Five years. Free supply. To the entire Bethelham Royal Household. Lloyd’s mind, which had been briefly short-circuited by the sheer audacity of the King’s initial offer, now rebooted with the speed and efficiency of a supercomputer calculating warp trajectories. Free. For five years. The cost in materials alone…
But then, another calculation, sharper, more strategic, overrode the immediate financial concern.

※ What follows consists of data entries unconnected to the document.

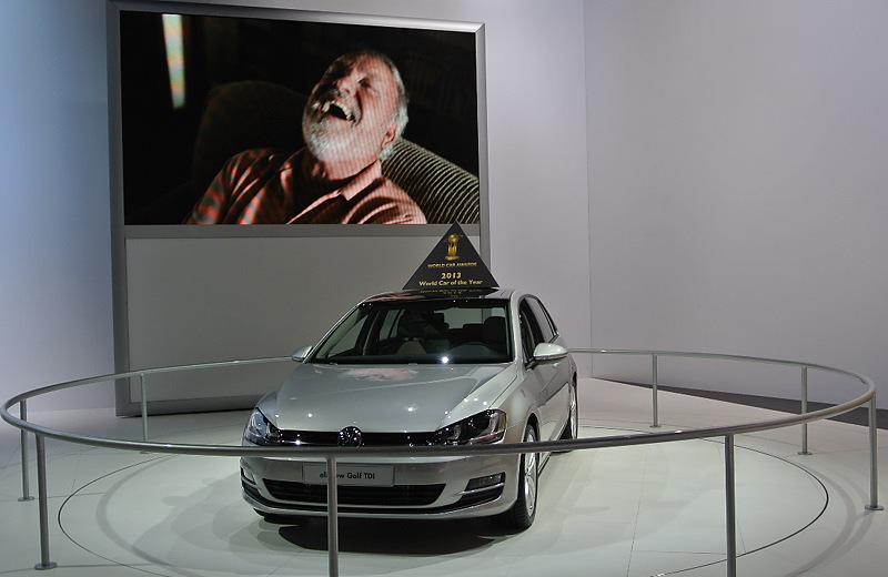 NYIAS 2013 | World Car Awards @ New York Autoshow _____________ Please feel free to use this image for FREE under the Creative Commons (CC) licence. However, if you use the image, pls set a backlink to and give credit to . For highres images or any other inquiries pls .
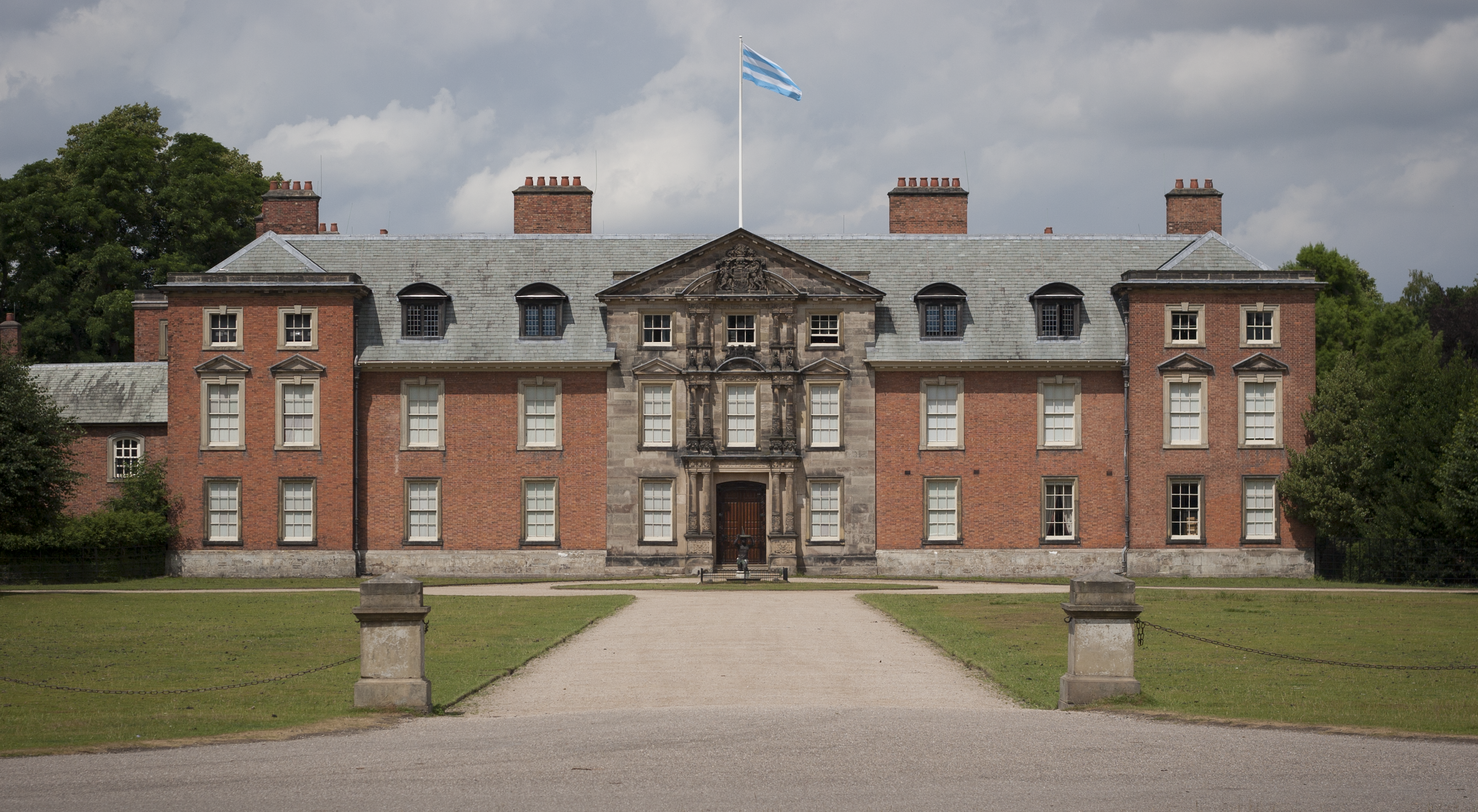 Dunham Massey Hall, shot from afar on a 50mm lens. South east facade.
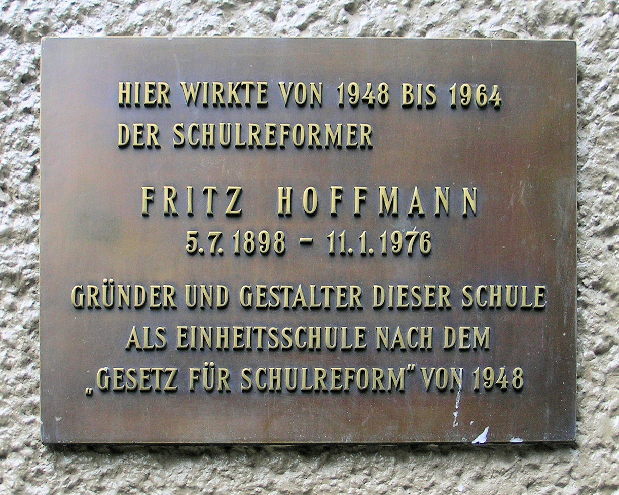 Memorial plaque, Fritz Hoffmann, Onkel-Bräsig-Straße 79, Berlin-Britz, Germany Koordinate:52°26′53″N 13°26′38″E / 52.44806°N 13.44389°E
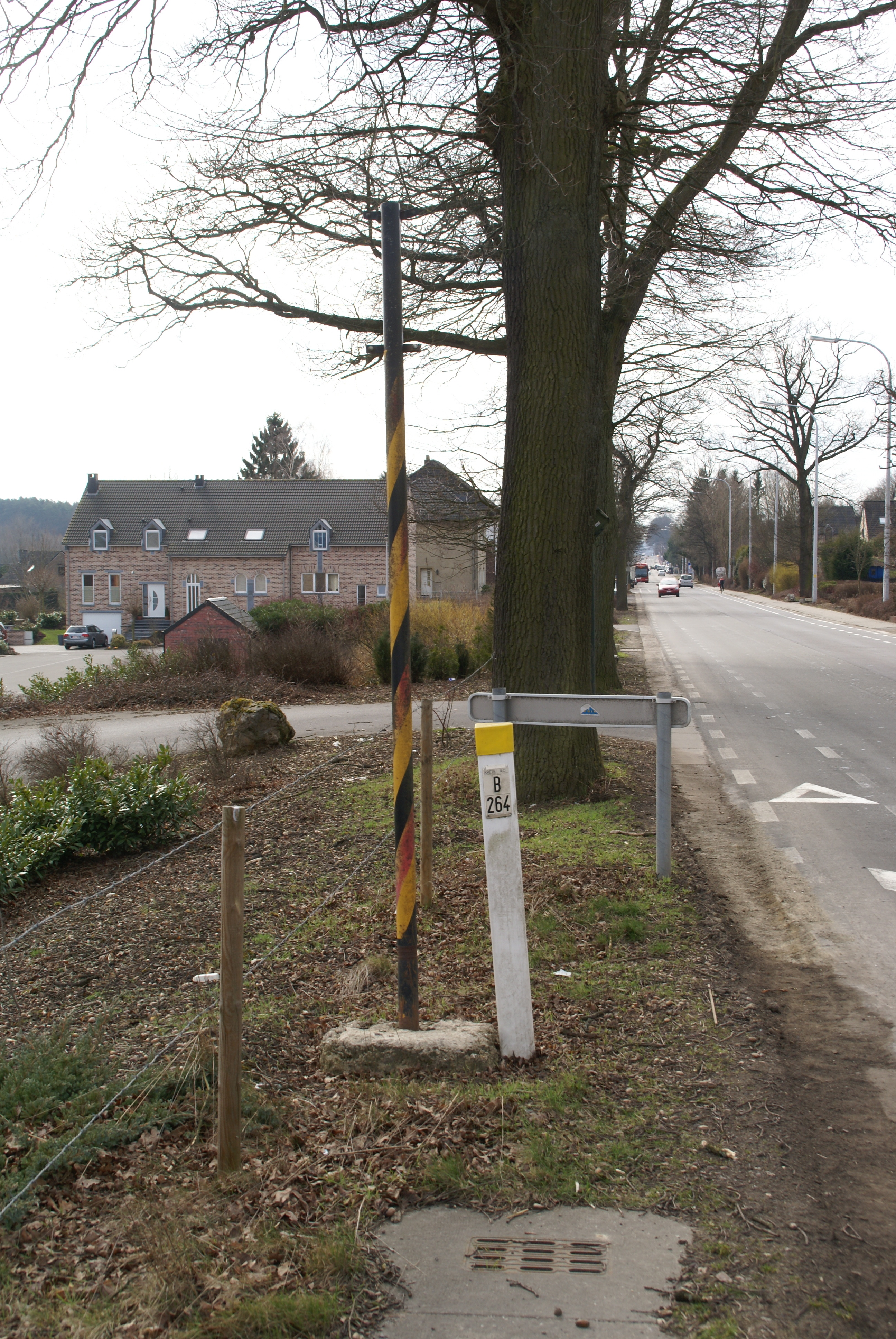 Neu-Moresnet (Belgium): Border between Belgium and Germany at Bildchen and Neu Moresnet

The Bethelham Royal Household. Using his soap. Exclusively. For five years. The King. The Queen. The princes and princesses. The courtiers. The visiting dignitaries. Every noble, every servant, every influential guest within the walls of the Bethelham Royal Palace… smelling faintly of Ferrum Family Finest Rosemary-Infused Cleansing Elixir.
It wasn't a cost. It was an advertisement. An unparalleled, five-year-long, royal-decree-level marketing campaign. The ultimate product placement. The kind of endorsement that money, even ten thousand Gold Coins, couldn't possibly buy. If the King of Bethelham and his entire court were using Lloyd Ferrum’s soap, every other noble house in Riverio, perhaps even beyond, would be clamoring for it. The prestige, the exclusivity, the sheer snob appeal… it was a marketing coup of epic, almost mythological, proportions.